The girls washed the dishes and cleaned the table and floor while Michael chopped more wood for the stove. Soon the sounds of the piano were heard as Juliette practiced a new song. Lucy was writing a letter to her beau, Dan Proctor. Bess finished sanding the board and brought it into the parlor where she had set up her still life. Her paints and brushes ready.

On the table she placed some small pumpkins from last fall that were still good, one of the old milk jugs and her best oil lantern. She had Michael bring in a bit of hay from the barn and arranged it all just so. She put the board on a make-shift easel and began to draw out the scene before her. Her world of children, chores, sons at war and a husband working long months from home gone from her focused mind. Mixing colors, dabbing paint and the smell of turpentine was all there was now.

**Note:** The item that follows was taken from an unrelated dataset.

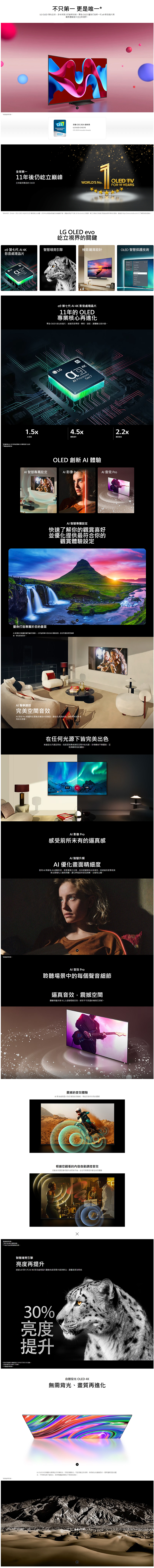 LG OLED evo 4K 自體發光科技,智慧增亮引擎提升亮度讓畫面更立體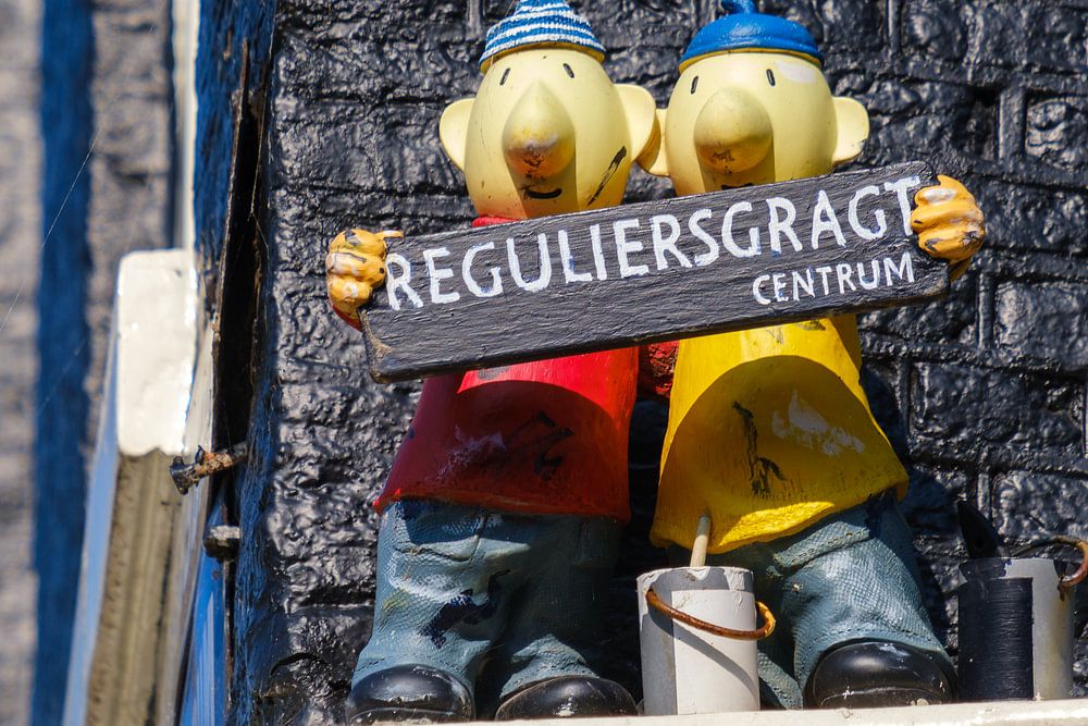 Clumsy duo Buurman and Buurman stand on the facade of an Amsterdam canal house along Reguliersgracht, in the centre of Amsterdam. Ajeto! This picture was taken in June 2025

She worked long into the night when even the children had gone to bed, painting by the light of the lantern in the picture. Finally, the brushes were cleaned, paints tucked away and the easel with a half-finished painting pushed into the corner, ready for when a few minutes of quiet could be found. Bess had this bit of heaven while most days her world swirled around her. A body needs an outlet when work and chores and family far-away gets too much. If you can find a bit of peace in a dab of paint, all the better you’ll be.


~This story is loosely based on my husband’s grandmother and her family near the end of WWII. Bess did the artwork and I imagined a story of her finding time to paint amidst the hustle and bustle of life on the farm, raising kids alone in the mountains of Western North Carolina.